## Problem:
In your copy, drop the images and return each record exactly as it stands.

## Record set:

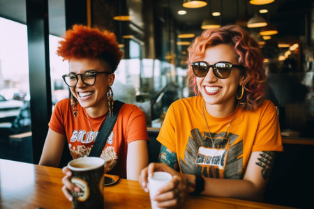 Generative AI : Two young women having fun drinking coffee at the bar
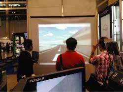 弊社ブースでは、3次元VRソフトウェア「UC-win/Road」をベースとした本格的四輪実車型ドライブシミュレータ・パッケージシステム「UC-win/Roadドライブ・シミュレータ」を中心に展示を行いました。UC-win/Roadの持つ、効率的な3次元VR空間作成機能はそのままに、作成したVR空間において様々な実験に適用が可能なシステムであり、最近では、主にITS関連分野において活用されています。会場では、数多くの来場者の皆様に、実際にドライブシミュレーションを体験いただき、今後の各社様のシステム開発におけるシミュレータとして
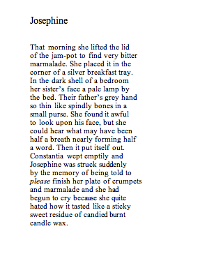 Paula’s note: I love the way this poem grapples with the elusiveness of words, building in momentum from that point in the bone to that point in the throat. Inventive. Surprising. The elusive moments/notions/images glint as they escape. The ending shifts the pitch of the poem and delivers, for me, a moment of poignancy. I love this.
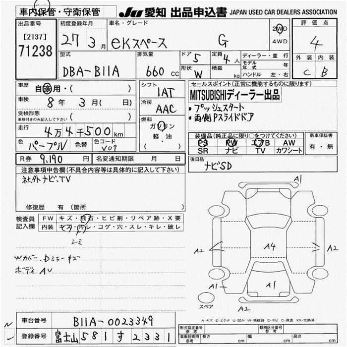 MITSUBISHI EK SPACE - лот 71238
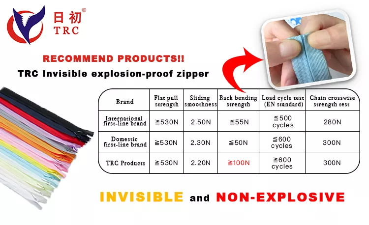 TRC Invisible Räjähdyssuojattu vetoketju (Normal Tape) yhdistää hienostuneen, hillityn ulkonäön ja poikkeuksellisen kestävyyden. Jokainen vetoketju on valmistettu tiukasti kudotusta polyesteriteipistä ja erittäin lujista nailonhampaista, mikä varmistaa sileän ja tasaisen sulkemisen, joka pysyy täydellisesti piilossa vaatteiden sisällä.

## Output for this task:
 Generative AI : Two young women having fun drinking coffee at the bar
 弊社ブースでは、3次元VRソフトウェア「UC-win/Road」をベースとした本格的四輪実車型ドライブシミュレータ・パッケージシステム「UC-win/Roadドライブ・シミュレータ」を中心に展示を行いました。UC-win/Roadの持つ、効率的な3次元VR空間作成機能はそのままに、作成したVR空間において様々な実験に適用が可能なシステムであり、最近では、主にITS関連分野において活用されています。会場では、数多くの来場者の皆様に、実際にドライブシミュレーションを体験いただき、今後の各社様のシステム開発におけるシミュレータとして
 Paula’s note: I love the way this poem grapples with the elusiveness of words, building in momentum from that point in the bone to that point in the throat. Inventive. Surprising. The elusive moments/notions/images glint as they escape. The ending shifts the pitch of the poem and delivers, for me, a moment of poignancy. I love this.
 MITSUBISHI EK SPACE - лот 71238
 TRC Invisible Räjähdyssuojattu vetoketju (Normal Tape) yhdistää hienostuneen, hillityn ulkonäön ja poikkeuksellisen kestävyyden. Jokainen vetoketju on valmistettu tiukasti kudotusta polyesteriteipistä ja erittäin lujista nailonhampaista, mikä varmistaa sileän ja tasaisen sulkemisen, joka pysyy täydellisesti piilossa vaatteiden sisällä.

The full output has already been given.